Have you ever thought what if we had been able to predict the 2008 financial crisis far ahead of the turmoil it threw the global economy into? Was there data available and accessible to suggest that the supply of houses was outrunning demand, that borrowers could default on their mortgages, and the derivatives and all other investments tied to them would see value erosion? Well, as an afterthought, one can say the price of not knowing was an unprecedented crisis, resulting in several businesses reeling under its impact.
Dark data refers to all the information assets organizations collect, process and store during regular business transactions, but fail to use for other purposes (for example, analytics, deciphering business context or inter-relationships and direct monetizing).

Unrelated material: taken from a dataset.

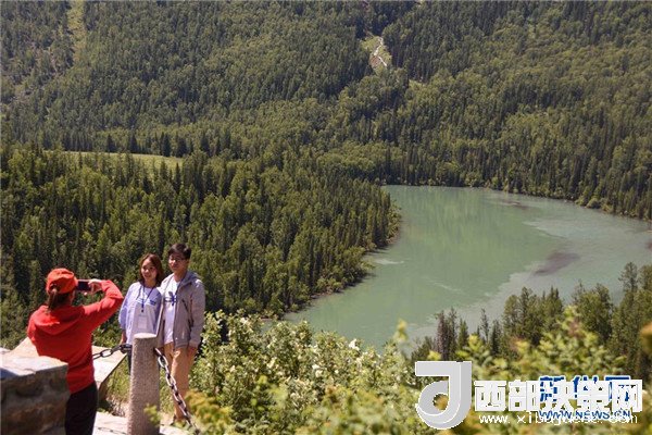 游客在喀納斯景區(qū)月亮灣留影(6月24日攝)。

During World War II, fighter planes would come back from battle with bullet holes. The Allies sought to reinforce the most commonly damaged parts of the planes based on areas that were most commonly hit by enemy fire. A mathematician, Abraham Wald, pointed out that perhaps there was another way to look at the data. Perhaps the reason certain areas of the planes weren’t covered in bullet holes was that the planes that were shot in those areas never actually returned. This insight was further validated to be true and led to the armor being re-enforced on the parts of the plane where there were no bullet holes. This is a classic example of survivor bias leading to dark data. Survivor bias is the logical error of concentrating on the people or things that made it past some selection process and overlooking those that did not, typically because of their lack of visibility. This is just one of the many ways in which dark data manifests itself.
The story behind the data is arguably more important than the data itself. The reason behind why we are missing certain pieces of data may be more meaningful than the data we have.
And this is where it becomes extremely critical to have the data analysts or the data scientists asking the right questions and having the right data collection and validation strategy. Ronald H. Coase, a renowned British Economist, famously quoted, “…if you torture the data long enough, it will confess to anything”. In a simplistic sense, it means looking beyond the obvious. When you start looking at the story behind the data you are presented with, many unknowns get answered. This can include looking at when the data was collected, what methods and assumptions were applied during the data collection, what transformations it might have witnessed.
Once you have diligently performed such ‘forensics’ and determined consciously what data elements or data attributes are missing – you are now dealing in the realm of the ‘known unknowns’. There are many different statistical or machine-learning based approaches to overcome those – including new surveys, various data imputation methods, substitution by proxies or even the more recent ML-based synthetic data generation techniques which are gaining currency in many scenarios.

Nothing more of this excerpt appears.